Requisite: Mathematics 13 or consent of the instructor. Limited to 20 students. Omitted 2007-08.

**21.** **Linear Algebra. **The study of vector spaces over the real and complex numbers, introducing the concepts of subspace, linear independence, basis, and dimension; systems of linear equations and their solution by Gaussian elimination; matrix operations; linear transformations and their representations by matrices; eigenvalues and eigenvectors; and inner product spaces. Special attention will be paid to the theoretical development of the subject. Four class meetings per week.

Requisite: Mathematics 12 or consent of the instructor. This course and Mathematics 22 or 25 may not both be taken for credit. First semester. Professor Velleman.

**22.** **Linear Algebra with Applications. **The study of vector spaces over the real and complex numbers, introducing the concepts of subspace, linear independence, basis, and dimension; systems of linear equations and their solution by Gaussian elimination; matrix operations; linear transformations and their representations by matrices; eigenvalues and eigenvectors; and inner product spaces. Additional topics include ill-conditioned systems of equations, the LU decomposition, covariance matrices, least squares, and the singular value decomposition. Recommended for Economics majors who wish to learn linear algebra. Four class hours per week, with occasional in-class computer labs.

Requisite: Mathematics 12 or consent of the instructor. This course and Mathematics 21 or 25 may not both be taken for credit. Second semester. Visiting Professor Leise.

**24.** **Theory of Numbers.** An introduction to the theory of rational integers; divisibility, the unique factorization theorem; congruences, quadratic residues. Selections from the following topics: cryptology; Diophantine equations; asymptotic prime number estimates; continued fractions; algebraic integers. Four class hours per week. Offered in alternate years.

Requisite: Mathematics 12 or consent of the instructor. Omitted 2007-08.

**26.** **Groups, Rings and Fields.** A brief consideration of properties of sets, mappings, and the system of integers, followed by an introduction to the theory of groups and rings including the principal theorems on homomorphisms and the related quotient structures; integral domains, fields, polynomial rings. Four class hours per week.

Requisite: Mathematics 21 or 25 or both 15 and 22 or consent of the instructor. Second semester. Professor Benedetto.

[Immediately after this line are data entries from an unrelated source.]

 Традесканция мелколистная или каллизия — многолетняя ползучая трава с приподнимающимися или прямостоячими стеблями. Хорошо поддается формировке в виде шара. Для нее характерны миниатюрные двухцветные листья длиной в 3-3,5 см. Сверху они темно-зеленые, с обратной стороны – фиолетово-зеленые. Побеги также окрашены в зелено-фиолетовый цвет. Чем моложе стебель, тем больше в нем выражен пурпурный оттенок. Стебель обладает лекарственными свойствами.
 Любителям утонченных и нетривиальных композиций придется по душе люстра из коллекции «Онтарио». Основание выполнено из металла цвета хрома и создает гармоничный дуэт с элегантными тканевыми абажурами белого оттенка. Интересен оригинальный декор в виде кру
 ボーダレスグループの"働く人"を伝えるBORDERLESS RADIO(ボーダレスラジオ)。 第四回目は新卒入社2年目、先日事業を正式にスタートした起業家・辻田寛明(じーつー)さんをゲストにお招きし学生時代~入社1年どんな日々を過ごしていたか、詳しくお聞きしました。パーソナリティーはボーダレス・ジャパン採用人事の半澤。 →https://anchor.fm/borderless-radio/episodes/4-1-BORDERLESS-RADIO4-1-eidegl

**27.** **Set Theory. **Most mathematicians consider set theory to be the foundation of mathematics, because everything that is studied in mathematics can be defined in terms of the concepts of set theory, and all the theorems of mathematics can be proven from the axioms of set theory. This course will begin with the axiomatization of set theory that was developed by Ernst Zermelo and Abraham Fraenkel in the early part of the twentieth century. We will then see how all of the number systems used in mathematics are defined in set theory, and how the fundamental properties of these number systems can be proven from the Zermelo-Fraenkel axioms. Other topics will include the axiom of choice, infinite cardinal and ordinal numbers, and models of set theory. Four class hours per week.

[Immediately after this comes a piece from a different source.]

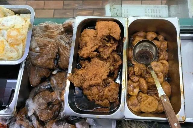 到此,一碗香喷喷的冷面就完成了。冷面的浇头则是锦上添花之物,花式繁多,丰俭由人。对老上海人来说,最正宗的冷面浇头一定是有着绿豆芽的三丝浇头,而丰裕销量最好的浇头则是三丝、面筋、辣酱和大排。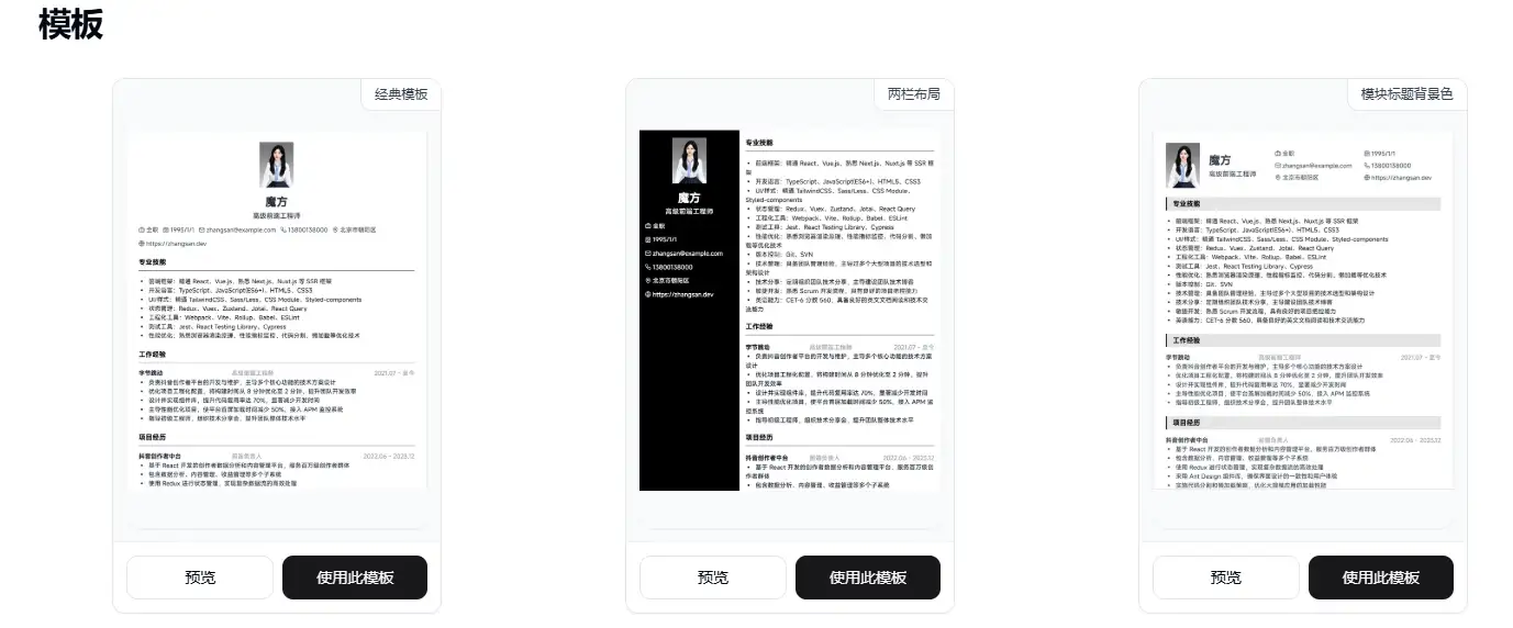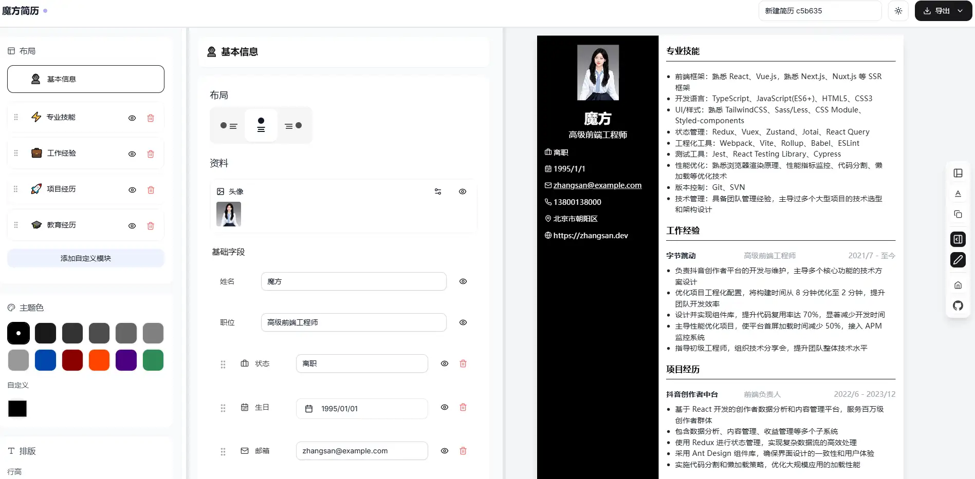 - 支持自定义主题,调整颜色、布局,打造个性化简历。

Requisite: Mathematics 15, 21 or 25 or 28, or consent of the instructor. Second semester. Professor Velleman.

**28.** **Introduction to Analysis.** Completeness of the real numbers; topology of n-space including the Bolzano-Weierstrass and Heine-Borel theorems; sequences, properties of functions continuous on sets; infinite series, uniform convergence. The course may also study the Gamma function, Stirling’s formula, or Fourier series. Four class hours per week.

Requisite: Mathematics 13. Second semester. Professor TBA.

**29. Probability.** This course explores the nature of probability and its use in modeling real world phenomena. The course begins with the development of an intuitive feel for probabilistic thinking, based on the simple yet subtle idea of counting. It then evolves toward the rigorous study of discrete and continuous probability spaces, independence, conditional probability, expectation, and variance. Distributions covered include the Bernoulli and Binomial, Hypergeometric, Poisson, Normal, Gamma, Beta, Multinomial, and bivariate Normal. Four class hours per week.

Not open to students who have previously taken Mathematics 14. Requisite: Mathematics 12 or consent of the instructor. Omitted 2007-08.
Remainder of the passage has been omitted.